Example 2 (Processing time-based)

  • Test data
    • datahub_stream1
      k1 v1
      1 val1
      2 val2
      3 val3
    • datahub_stream2
      k1 v1
      1 val1
      2 val2
      3 val3
  • Test statements
    CREATE TABLE datahub_stream1 (
      k1 BIGINT,
      v1 VARCHAR,
      d AS PROCTIME()
    ) WITH (
      type='datahub',
      endpoint='<yourEndpoint>',
      accessId='<yourAccessID>',
      accessKey='<yourAccessSecret>',
      projectName='<yourProjectName>',
      topic='<yourTopic>',
      project='<yourProjectName>'
    );
    
    CREATE TABLE datahub_stream2 (
      k2 BIGINT,
      v2 VARCHAR,
      e AS PROCTIME()
    ) WITH (
      type='datahub',
      endpoint='<yourEndpoint>',
      accessId='<yourAccessID>',
      accessKey='<yourAccessSecret>',
      projectName='<yourProjectName>',
      topic='<yourTopic>',
      project='<yourProjectName>'
    );
    
    --Create an ApsaraDB RDS result table.

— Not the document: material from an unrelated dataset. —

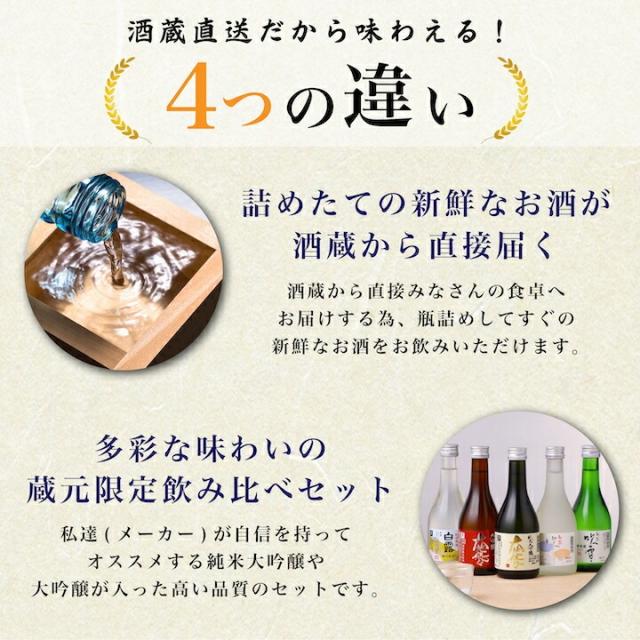 蔵元限定の純米大吟醸が入った300ml飲み比べ3本セットです。3種類すべてタイプの違う日本酒の飲み比べセットです。

    CREATE TABLE rds_output(
      k1 BIGINT,
      v1 VARCHAR,
      v2 VARCHAR
    ) WITH (
      type='rds',
      url='<yourDatabaseURL>',
      tableName='<yourDatabaseTablename>',
      userName='<yourDatabaseUserName>',
      password='<yourDatabasePassword>'
    );
    
    INSERT INTO rds_output
    SELECT k1, v1, v2
    FROM datahub_stream1 AS o
    JOIN datahub_stream2 AS s on o.k1 = s.k2 AND
         o.d BETWEEN s.e - INTERVAL '4' MINUTE AND s.e;
Note The results are uncertain because they depend on the time when each data record in the two data streams enters the system. Therefore, this example does not provide the expected results.